No-Red Mahjong
Usage
or load the environment class directly:
from mahjax.no_red_mahjong.env import NoRedMahjong
env = NoRedMahjong(round_mode="half", observe_type="dict")
Description
no_red_mahjong is a fast 4-player riichi mahjong environment without red fives. It is the lightweight environment used by the current offline RL and PPO examples.

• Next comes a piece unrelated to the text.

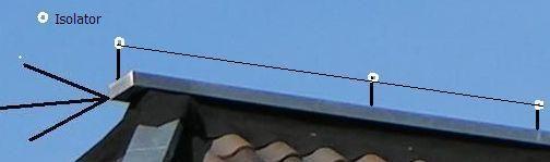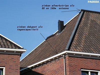 PAØRBA heeft ook weinig ruimte en een antenne op zolder voldeed niet omdat bijna niemand zijn signaal, zelfs met 100 W, kon nemen. Daarom is hij van plan om een zinken dakgoot als tegencapaciteit en een zinken strip op de nok als antenne te gebruiken. Dat kan goed werken, maar vonkoverslag van de strip naar de nokpannen is bij nat weer niet onwaarschijnlijk. Door allerlei verontreinigingen in het milieu is regenwater of ander vocht geleidend geworden. Tijdens een proef met een van mijn lineairs sprongen er vonken over van de natte lintlijn naar de vochtige muur op ongeveer 2 cm afstand. Als op geringe hoogte (± 10 cm) boven de strip een draad gespannen wordt, is de kans van weglekken vrijwel nihil. Als afstandstukken kan men isolatoren inzetten die bij afrasteringen van weilanden gebruikt worden.

Compared with red_mahjong, this environment intentionally omits some rules in order to keep the implementation simpler and faster.
Rules
The environment is a simplified Japanese riichi mahjong variant without red fives.
- No red fives
- No special abortive draws (
特殊流局) - No pao
- No double ron
This environment exists primarily for speed and for simpler RL experiments. It is covered by hand-written tests, and we do not expect major rule-breaking bugs, but some corner cases may still remain. We expect this to improve over time.
For general riichi mahjong rules, see the European Mahjong Association rulebook.
State
no_red_mahjong uses the same nested state layout as red_mahjong:
- top-level RL handles (
current_player,terminated,rewards, …) state.players— per-player arrays (PlayerStateArrays)state.round_state— round-level arrays (RoundState)
The full field list and round-transition style (auto / dummy_share) are documented once in API. no_red_mahjong uses exactly the common field set there; it does not add any extra fields on top.
Specs
| Name | Value |
|---|---|
| Version | beta |
| Number of players | 4 |
| Number of actions | 79 |
| Observation types | dict, 2D |
| Reward shape | (4,) |
| Reward semantics | score deltas in hundreds of points |
Action
The action space (79 actions):
| Range | Meaning |
|---|---|
0-33 |
Discard a tile type |
34-67 |
Closed kan / added kan |
68 |
TSUMOGIRI |
69 |
RIICHI |
70 |
TSUMO |
71 |
RON |
72 |
PON |
73 |
OPEN_KAN |
74-76 |
CHI_L, CHI_M, CHI_R |
77 |
PASS |
78 |
DUMMY (only legal under next_round_style="dummy_share") |
Dict Observation
The current training examples use the dict observation. It is the most stable observation format in this repository right now, but it may still change in future releases.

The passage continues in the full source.